The Dream Limit

I began my poem in a manner that was both abrupt and uncompromising, as is my way, and with a great flourish of my pen I set the following words to paper, that they may lie there, sullenly and insultingly, for perpetuity. And as I wrote these words I knew beyond any doubt that this was to be my magnum opus, the work that I will be remembered for. If I am to be remembered for anything it will be this…

 

We were taught this life of solemn stupidity (I began), and so shall we continue it. So shall we continue with courage and conviction, with great glee and alacrity, taking no head of the seething doubts and dark misgivings that gather in their swirling multitudes in the shadowy recesses of our minds.

 

We were instructed – with the greatest of care – in the ways of solemn stupidity by our elders and betters who sought to obtain redemption for themselves this way, believing – as they did believe – that heaven would look down favourably upon them, if only they could ensure the perpetuation of the Sacred Nonsense.

 

So it was therefore that we learnt the ways of our venerable forefathers, that we might make these ways our own, and cherish them as they did cherish them.
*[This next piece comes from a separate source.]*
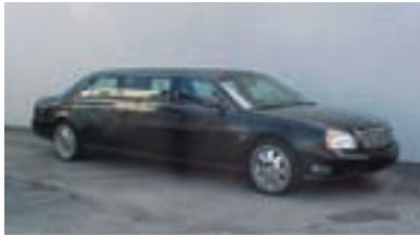
2004 Cadillac Federal 6-Door Limo. Black with Black Leather. Call today for details!!

We learned the ways of our forefathers that we might continue their legacy and continue – as they did – to bring endless misfortune to this poor sad abused world of ours.

 

This is how we prove our loyalty in an indifferent age you see – this is how we prove our worth in an age which no longer respects the baroque and phantasmagorical foolishness of the past. This is how we show our mettle in an uncertain age, in this treacherous age of decay and sorrow when so many deadly forces are ranged against us…

 

How well we learned our lesson, I reflect – we learned it better than our teachers had any right to expect. We learned it too well of course and that is the whole problem right there – in our keenness to learn we had made the classic mistake: We made the mistake of giving up our own lives so that our long-dead forefathers might live again…

 

I grew tired then, exhausted by the effort needed to give birth to a poem of this extreme epic nature. I grew tired and because of my tiredness I fell into a deep sleep. I fell into a deep and troubled sleep and in my sleep I dreamt wildly of all the many galaxies that there are out there spinning silently in space, and of all of the multitudinously different and varied things that are going on in them. And as a result of all this fervent dreaming activity when I awoke I found that I was one hundred times more exhausted than I had been before ever falling asleep.

 

I was deathly pale and drawn as a result of all that I had seen and my hand shook so badly I could hardly hold my pen. It was only a matter of time before the Dream Police came knocking on my door, I realised – I had tripped their wire and so now they would be on my case for exceeding the dream limit.